Post by jamesfirecat »

Monster Party Book 1: I hunt therefore I am!

Epilogue: Back to the meaning of life!

“I am the lord of Markovia, I am the land, I am the lord of MarkovIIIIIIIIIAAAAA!” The mantra trailed off into a scream of pain as Akanga buried the scalpel deeply into the misshapen creature's... Markov's failed attempts to shapeshift away his wounds had at this point left him so misshapen by this point discerning individual body parts was a bit tricky.

“Do not worry False God, was it not you yourself who told me that no cut is more painful than the first?” Akanga ruminated before seizing another scalpel and slamming through Markov forehead hard enough to shatter the blade in the process.

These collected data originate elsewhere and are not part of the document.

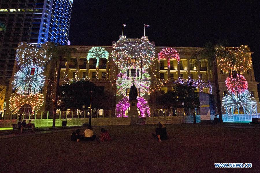 | Photo taken on Nov. 14, 2014 shows a light show in Brisbane, Australia. The G20 Summit is to be held in Brisbane on Nov. 15 to Nov. 16. (Xinhua/Jin Linpeng) |
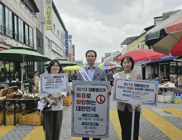 ±ºÀº ÅõÇ¥ Âü¿© ºÐÀ§±â È®»ê°ú ÁֹεéÀÇ Àû±ØÀûÀÎ ÅõÇ¥ Âü¿©¸¦ µ¶·ÁÇϱâ À§ÇØ Á¶º´¿Á ±º¼ö¿Í °øÁ÷ÀÚµéÀÌ Áö³ 17ÀÏ À½¼º½ÃÀåÀ» ½ÃÀÛÀ¸·Î ÀüÅë½ÃÀåÀ» ã¾Æ ÅõÇ¥Âü¿© Ä·ÆäÀÎÀ» ÁøÇàÇϰí Çö¼ö¸·À» °Ô½ÃÇÏ¸ç ´Ù¾çÇÑ È«º¸ Ȱµ¿À» ÆîÄ¡°í ÀÖ´Ù.
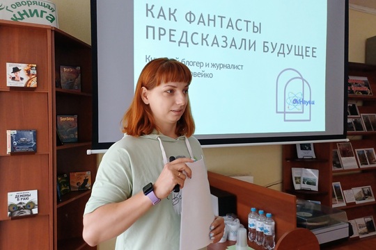 Лекция журналиста и книжного блогера Натальи Суховейко стала необычным экскурсом в историю научной фантастики и научных триумфов. В своем выступлении она рассказала о том, как в произведениях российских и зарубежных авторов были предсказаны различные достижения науки и техники. Так, например, в начале ХХ века Александр Богданов и Герберт Уэллс на страницах своих книг писали об появлении атомной энергии и создании АЭС. В романе Карела Чапека появился робот, а в известном произведении Олдоса Хаксли – прообраз ЭКО.
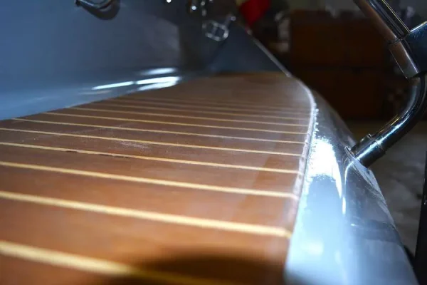 Plancetta con pavimento in teak con scaletta in acciaio.
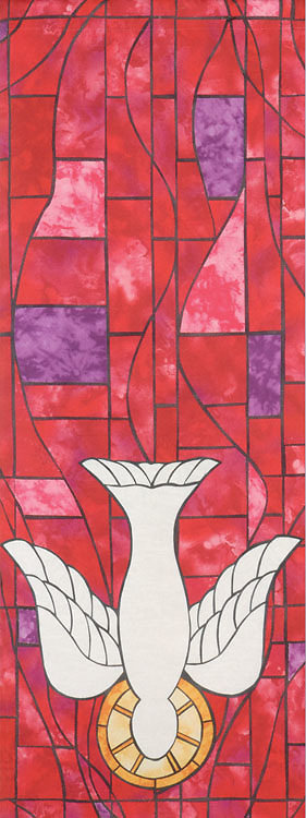 The Symbols of Faith Series Stained Glass Descending Dove Pulpit Scarf captures the transformative power of Pentecost, symbolizing the coming of the Holy Spirit’s capacity to bring life and renewal. The look of luminescent stained glass brings to life the symbols that have been used throughout church history to share the beauty of God’s love and glory. Quality crafted with exceptional detail out of poplin polyester fabric, this pulpit scarf is lined and makes the perfect addition to any church or worship space! Complete with a stunning depiction of the coming of the Holy Spirit, this modern interpretation will enhance your services for a truly inspiring experience. Celebrate Pentecost with the Symbols of Faith Series Stained Glass Descending Dove Pulpit Scarf - order today! Made in USA.
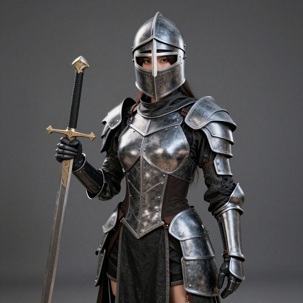 Warrior Maiden Costume, a woman in a costume with a helmet and a sword
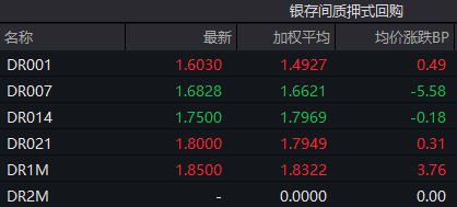 银行间回购定盘利率集体上扬。FR001上涨4个基点至1.6800%,FR007上涨3个基点至1.8500%,FR014亦上涨3个基点至1.8800%。相比之下,银银间回购定盘利率保持稳定,FDR001、FDR007及FDR014均与前一交易日持平。
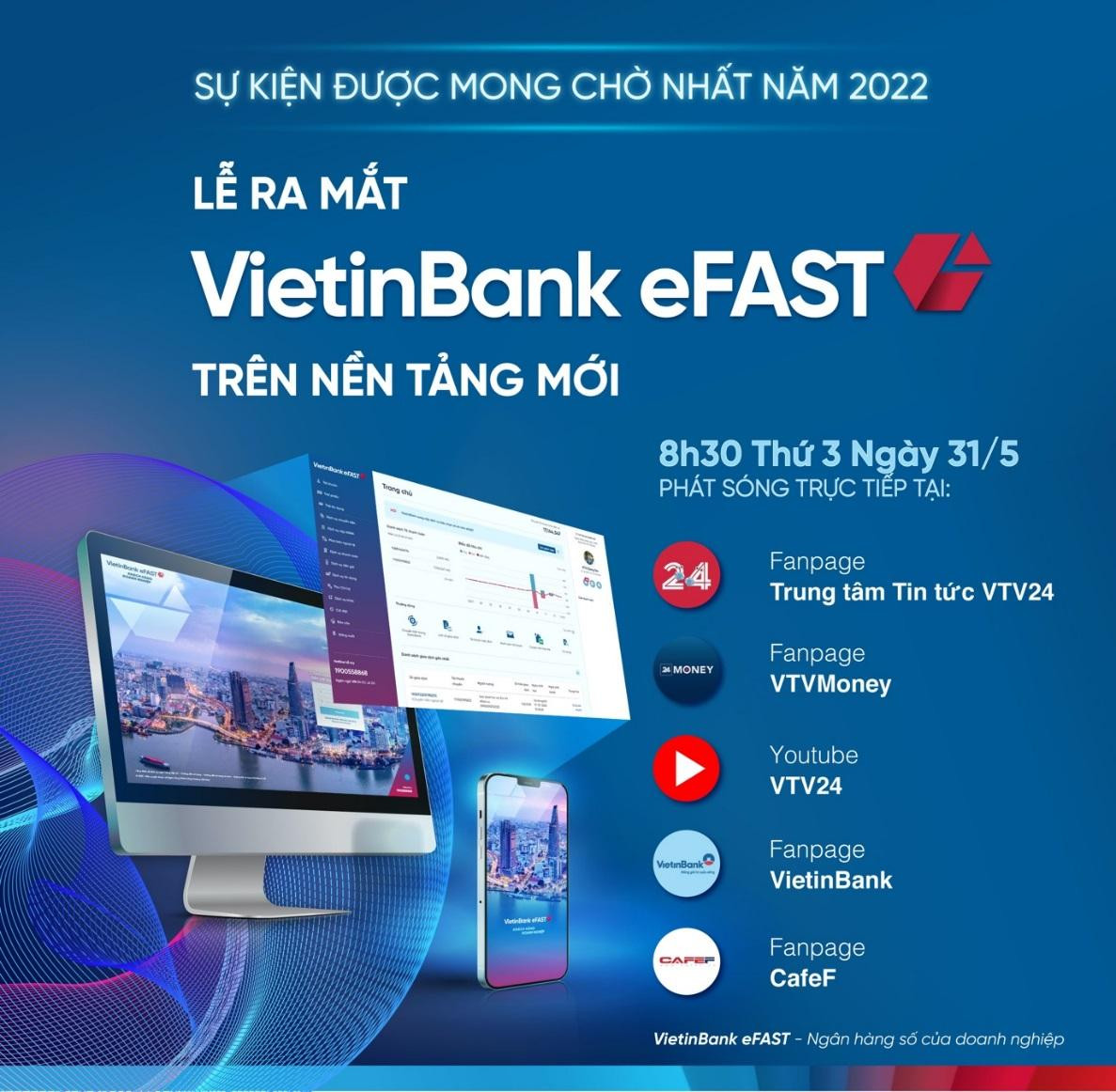 Box thông tin: Thông tin về “Trợ lý tài chính số” VietinBank eFAST sẽ được công bố chi tiết tại Sự kiện Ra mắt eFAST trên nền tảng mới tổ chức vào ngày 31/5 tới đây. Chương trình sẽ được livestream trực tiếp trên fanpage Trung tâm tin tức VTV24, fanpage VTVMoney, fanpage CafeF, fanpage VietinBank và trên kênh Youtube VTV24. Độc giả có thể truy cập địa chỉ https://www.facebook.com/VietinBank/ để biết thêm chi tiết.
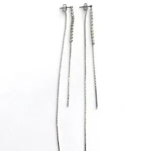 Ultra-long silver-tone threader earrings with a rhinestone accent bar and delicate double chain drop strands. Lightweight with high sparkle and movement. Perfect for adding a statement touch to minimalist and evening looks.
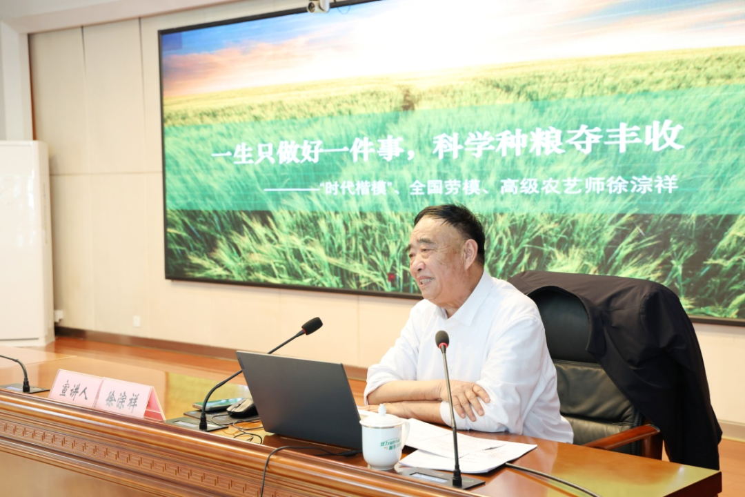 在宣讲报告会上,徐淙祥围绕学习贯彻习近平总书记重要回信精神,以《一生只做好一件事,科学种粮夺丰收》为题,结合53年扎根农村的实践经验,分享种粮技艺,分别讲授了“我国农业发展的三个阶段”“习近平总书记三次亲切鼓励”“遵循嘱托坚决扛稳国家粮食安全责任”“打造国内一流多种粮、种好粮生产示范基地”“四项小麦优质高产种植关键技术”等方面内容。他特别分享了种粮生涯中总结的20项小麦绿色高效种植关键技术措施,以及将技术要点编成的120首种植谚语,让复杂技术变得通俗易懂。
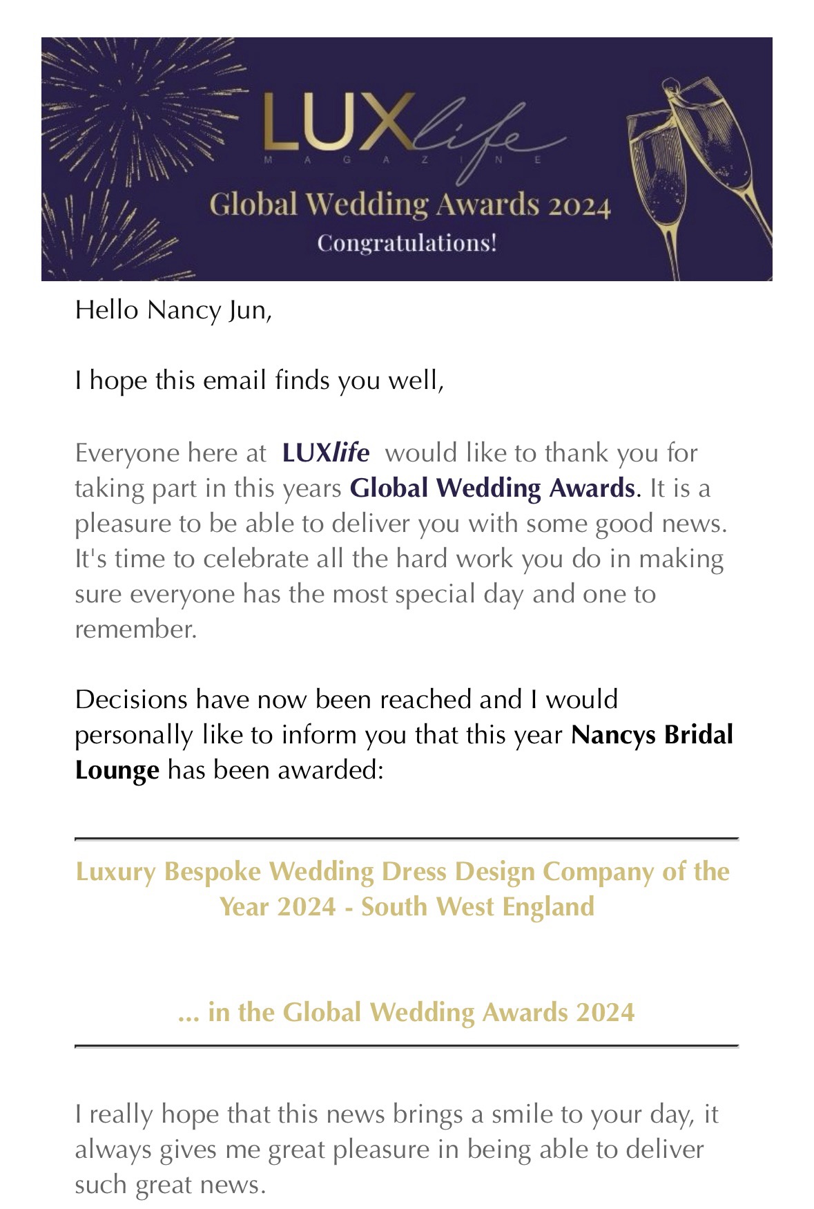 Great news! We have been awarded as Luxury Bespoke Wedding Dress Design Company of the Year 2024 – South West England in the Global Wedding Awards 2024. This recognition means the world to me!
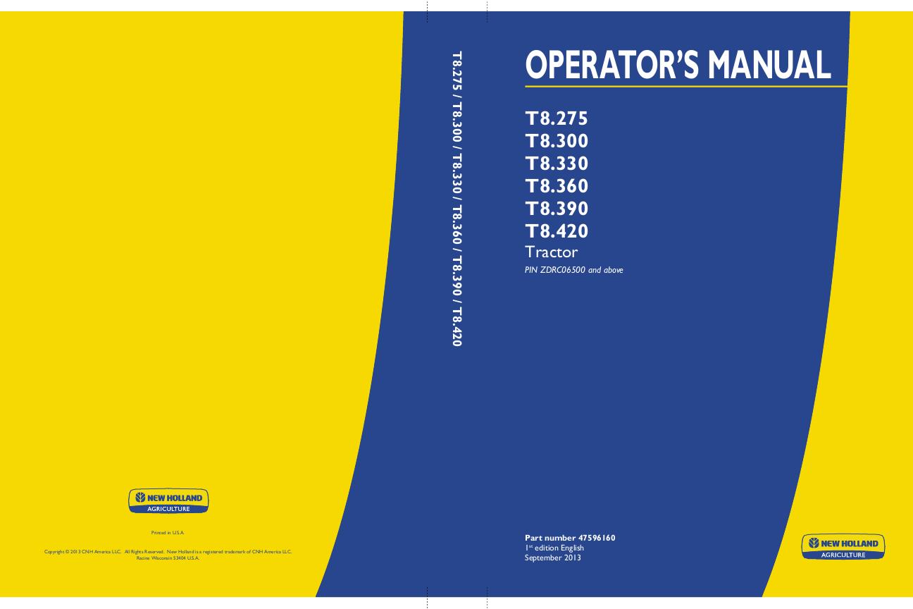 New Holland T8.275 T8.300 T8.330 T8.360 T8.390 T8.420 Tractor Operator's Manual 47596160
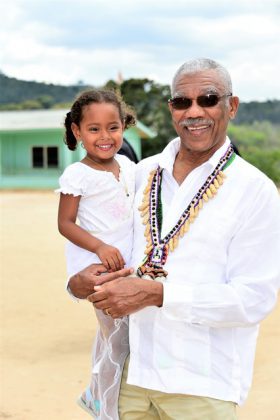 President David Granger takes a photo opportunity with this pretty little girl at Tuseneng.
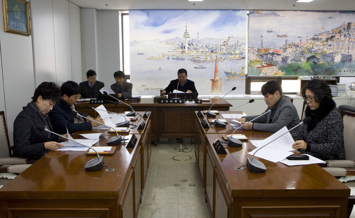 ▲14일 열린 군산시의회 운영위원회에서 의원들이 제192회 임시회에서 심사할 14건의 부의안건을 상정키로 결정했다. |
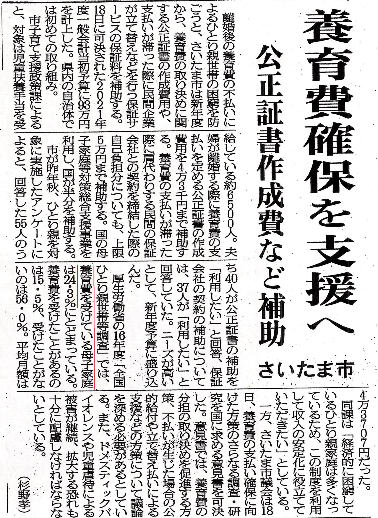 さいたま市のように⇩、県として他の市町村と連携して、養育費確保補助が出せるようにしなければと思います。
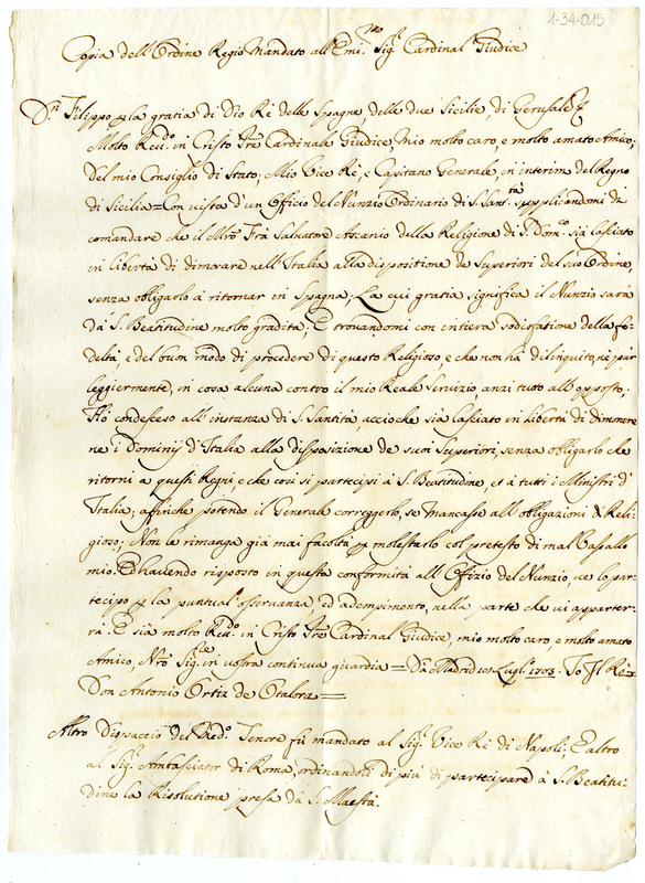 Copia dell'ordine Regio mandato all'Illustrissimo Cardinale Giudice dal Re di Spagna Filippo V a favore del maestro fra Salvatore Ascanio domenicano (1703 luglio 18)

Strapped to the Table of Life Frantisek Markov could not die... but oh how he could suffer.

“What a shame, it would seem that such 'wisdom' was naught but another of your lies.” Akanga reflected, a thin veneer of fake sympathy overlaying an ocean of schadenfreude.

Before continuing with his 'experiments' the new ruler of Markovia turned his attention to the other occupant of the room.

“You disprove?” He inquired given Alexander's painfully neutral expression.

“The Mists crave suffering, but not always of the virtuous. You will hear no argument from me that Markov hasn't earned his fate.” Alexander promised.

“A wise choice. This island has seen enough bloodshed for one day. All the same, it is also to small for a pair of Alphas of our stature to share it. We were united against the False God, but sooner or later we will come to strife, it is only a matter of time.” Akanga predicted a touch morosely.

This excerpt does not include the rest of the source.